One way in which Emily Dickinson tried to express her own perception of her experience was by writing it out in poetry. In 1862, she wrote to Thomas Higginson, "I had a terror‑since September ‑I could tell to none‑and so I sing, as the Boy does by the Burying Ground‑because I am afraid." At the time of her crisis, her strings "snapt," she could not sing, but in the "Quartz contentment" (J‑341) that followed, she found her voice. 16

 

The full conversion experience always had two aspects, crucifixion and resurrection, the wilderness and Canaan, and these often came together. The destruction of the self that was the crucifixion removed the blinders of self‑love and made possible a sight of Christ in the same blinding flash with which it damned the Old Adam to hell. With the ego removed, it suddenly became possible to glimpse, if only like Moses in passing, the not‑self. And all that is not the self is Eternity. The vision was thus one of resurrection as well as damnation. The death of the self made possible the vision of Eternal life. The glory, however, was not immediately as apparent as the fear, and sometimes it had to be spelled out:

 

One Year Ago‑Jots what?

God‑spell the word ! I‑can't­

 

Was't Grace? Not that‑

Was't Glory? That‑will do‑

Spell slower‑Glory­

 

Moreover, this Glory was, once again, a specific experience, that came only once and therefore had to be drunk of deeply and fully:

 

I tasted ‑careless‑then

I did not know the Wine

Came once a World‑Did you?     (J‑296)

 

It was thus a sudden once‑in‑a‑lifetime experience of Glory, of "Wine," as well as madness.
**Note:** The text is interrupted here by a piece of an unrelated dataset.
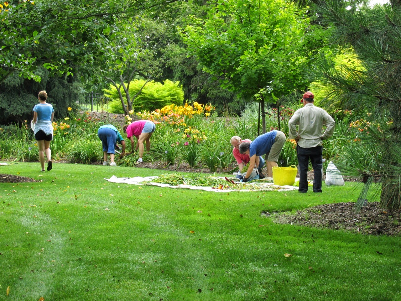 We had a great turnout of Grumpies today and two Grumpettes. Above is Del peeling label stickers which is a never ending chore. Below is Pat M. mulching near the gazebo garden. Pat had many other projects as well. Ron Y., Jim, Vern and Bob K. worked on finishing up our obelisks (for sale!) and other carpentry projects. Dr. Gredler did his mowing rounds and Bill O. was in for some odds and ends. Bob C. (second photo down) watered the Thomas Jefferson Collection and helped with some edging later in the morning. Gary S. also helped with this edging project (fifth photo down, to the left) and helped Big John finish up. Maury worked on our gutter repairs at the Horticulture Center and ran errands. The third photo down shows Shirley who was a weeding whirlwind in three different garden areas. Eva spent her time targeting weeds in the gazebo garden. The fourth photo down shows Ron R. (left) and Gary B. mulching around the arborvitae (Thuja sp.) hedges surrounding the sunken garden. Lisa I. came in to check on the daylilies after the dividing project yesterday (see bottom photos and caption) and we also saw Dr. Yahr, Bev D., Marsha M., Urban and many others today.

The effort to describe this apparently contradictory state produced some of Dickinson's finest poetry:

 

A Wounded Deer‑leaps highest

I've heard the Hunter tell—

Tis but the Ecstasy of death –

And then the Brake is still!                   (J‑165)

 

The conjunction of ecstasy and despair, of resurrection and of crucifixion, often served her as the subject of poetic imagery. But when Dickinson wrote the line, "Much Madness is divinest Sense" (J‑435), she was trying to get beyond metaphor and symbol and to say directly that what people call madness is in fact the only way to heaven.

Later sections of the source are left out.